What is expected: Would you transcribe the entries below, beginning at the line with "2025-10-27 09:00:44 |" and ending after the line with "Câu 1. Dữ liệu", exactly, with no picture and nothing more?
Information supplied Block Start
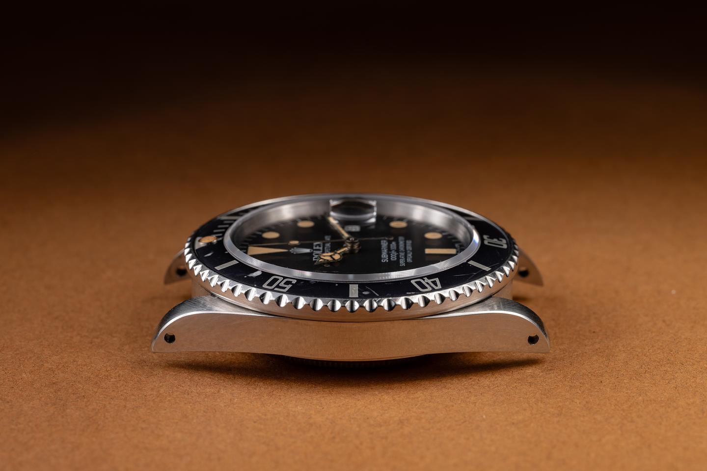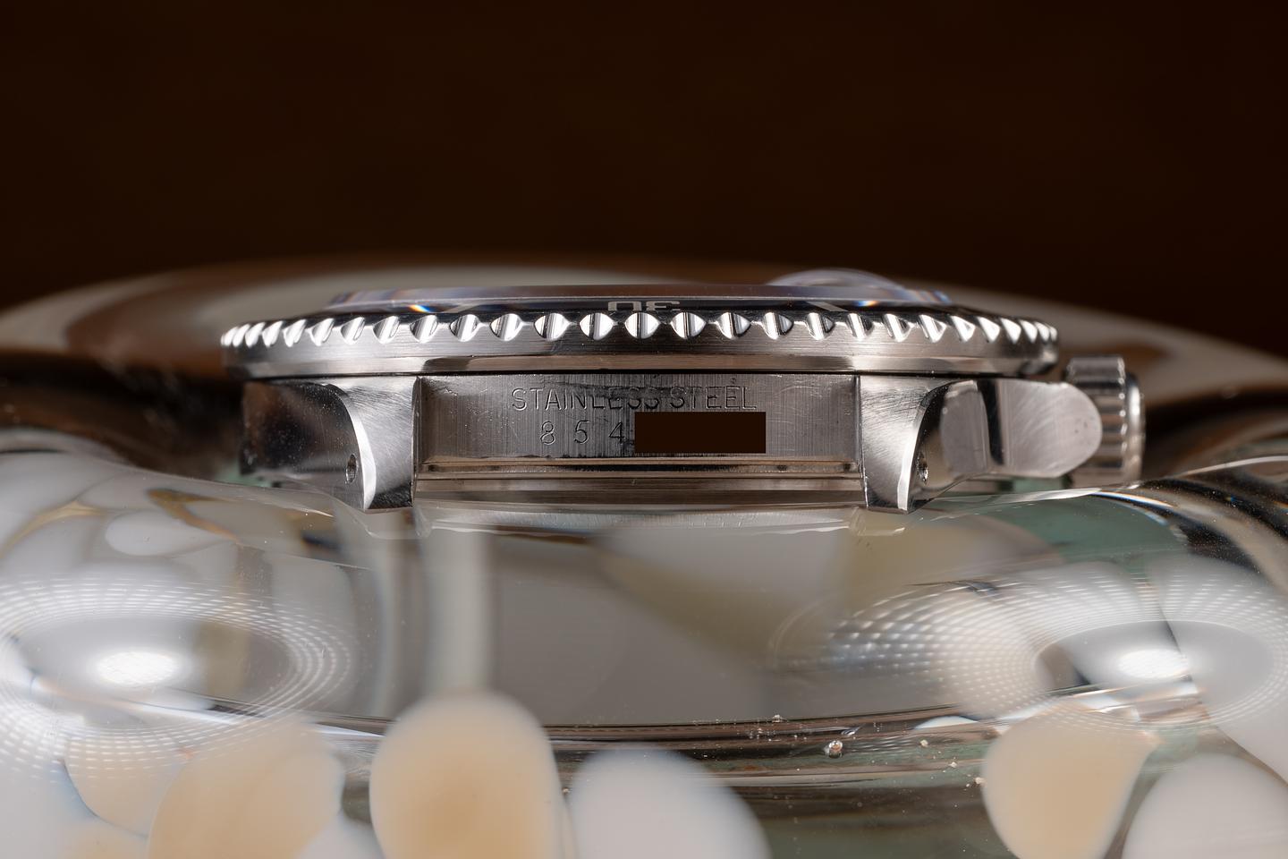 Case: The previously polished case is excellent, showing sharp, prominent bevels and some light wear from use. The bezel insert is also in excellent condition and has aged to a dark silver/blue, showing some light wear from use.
Information supplied Block End
Information supplied Block Start
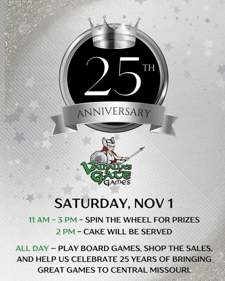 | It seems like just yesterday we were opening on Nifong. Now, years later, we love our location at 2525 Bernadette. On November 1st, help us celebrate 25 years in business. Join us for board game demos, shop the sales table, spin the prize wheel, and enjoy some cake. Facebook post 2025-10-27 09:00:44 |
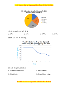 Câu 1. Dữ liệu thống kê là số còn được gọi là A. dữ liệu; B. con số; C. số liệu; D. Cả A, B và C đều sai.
Information supplied Block End
Answer to this problem:
 | It seems like just yesterday we were opening on Nifong. Now, years later, we love our location at 2525 Bernadette. On November 1st, help us celebrate 25 years in business. Join us for board game demos, shop the sales table, spin the prize wheel, and enjoy some cake. Facebook post 2025-10-27 09:00:44 |
 Câu 1. Dữ liệu thống kê là số còn được gọi là A. dữ liệu; B. con số; C. số liệu; D. Cả A, B và C đều sai.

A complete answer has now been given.